By analyzing genetic data from patient tumours, patient-derived tumour models, and other sources, the team discovered several mechanisms that are used by tumours with class 2 and 3 BRAF mutations to resist treatments targeting BRAF and MEK. These mechanisms include the development of new mutations that enable the MAPK signalling pathway to be reactivated and drive tumour growth, and new mutations that drive tumour growth independently of MAPK signalling.
Two other drivers of drug resistance stood out: CDK4/6 and SHP2—proteins that regulate cell growth even when BRAF and MEK are inhibited. Importantly, the researchers found that adding CDK4/6 or SHP2 inhibitors to BRAF/MEK therapy made cancer models more responsive.

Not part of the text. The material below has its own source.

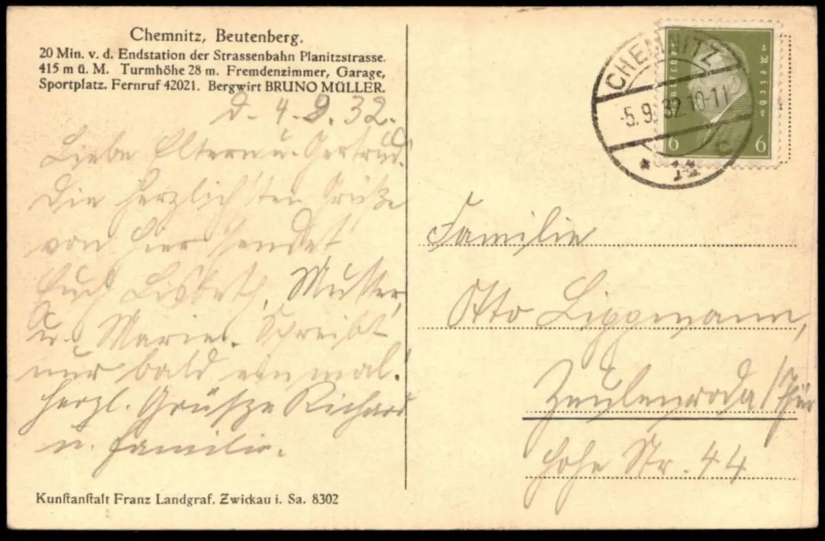 ALTE POSTKARTE CHEMNITZ UNTERKUNFTSHAUS BEUTENBERG 20 MINUTEN VON DER ENDSTATION DER STRASSENBAHN PLANITZSTRASSEVerlag: Franz Landgraf, Zwickau
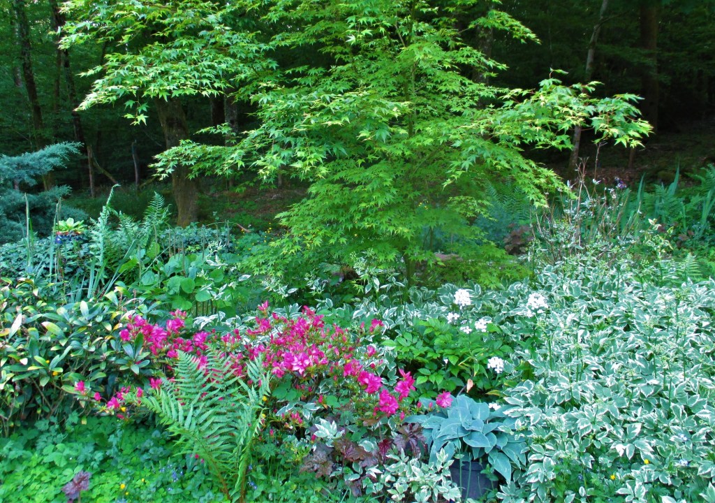 Et au bord du ruisseau, sous l’érable du Japon, l’azalée émerge des fougères, des hostas bleutés, des lamiers argentés, les astilbes et les podagres.

The study suggests that simply blocking BRAF and MEK is insufficient to treat most cancers with class 2 and 3 BRAF mutation but targeting a broader range of proteins could overcome tumour resistance and make these treatments more effective. These findings open the door to future combination treatments that could finally offer targeted options for patients with these rare mutations.
Dr. April Rose is first and co-corresponding author of the study. She is a clinician-scientist and Assistant Professor in the Department of Oncology at McGill University.
Dr. Anna Spreafico is the co-corresponding author of the study. She is a Clinician Investigator at Princess Margaret Cancer Centre and an Associate Professor in the Department of Medicine at the University of Toronto.
The BEAVER clinical trial was sponsored by the Cancer Genomics Program of the Princess Margaret Cancer Centre. This investigator-initiated trial was supported by Pfizer. Exploratory objectives and preclinical experiments were funded by the Conquer Cancer Foundation, Canadian Cancer Society, Canadian Institutes of Health Research, TransMedTech Institute, the Government of Canada, the Jewish General Hospital Foundation, the Canada Foundation for Innovation, the Province of Quebec, and The Princess Margaret Cancer Foundation.
Dr. Rose has provided consultation for Advanced Accelerator Applications/Novartis, EMD Serrono, Merck, and Pfizer. Dr. Rose reports research funding from AstraZeneca (Inst), Novartis (Inst), Merck (Inst), Seattle Genetics (Inst), Pfizer (Inst), and Essa Pharma (Inst). Dr. Spreafico reported a consulting advisory role with Merck, Bristol-Myers Squibb, and Alents and grant/ research funding from Novartis, Bristol-Myers Squibb, Symphogen, AstraZeneca/Medimmune, Merck, Bayer, Surface Oncology, Northern Biologics, Janssen Oncology/Johnson & Johnson, Roche, Regeneron, Alkermes, Array Biopharma/Pfizer, GSK, NuBiyota, Oncorus, Treadwell, Amgen, ALX Oncology, Nubiyota, Genentech, Seagen, Servier, Incyte, and Alentis.
For a full list of competing interests, see the manuscript.
Rose AAN, Maxwell J, Rousselle E, Mukonoweshuro CL, Elkholi IE, Riaud M, Biondini M, Cianfarano E, Soria-Bretones I, Tobin C, McGuire M, Law RWY, Elia AJ, Wang BX, King I, Zhang T, Pugh TJ, Kamil ZS, Butler M, Shepherd FA, Leighl NB, Razak AA, Hansen A, Saibil SD, Bedard PL, Siegel PM, Siu LL, Cescon DW, Spreafico A. Binimetinib and encorafenib for the treatment of advanced solid tumors with non-V600E BRAF mutations: results from the Phase II BEAVER trial. Nat Commun. 2026 Jan 3;17(1):1323. doi: 10.1038/s41467-025-68076-7.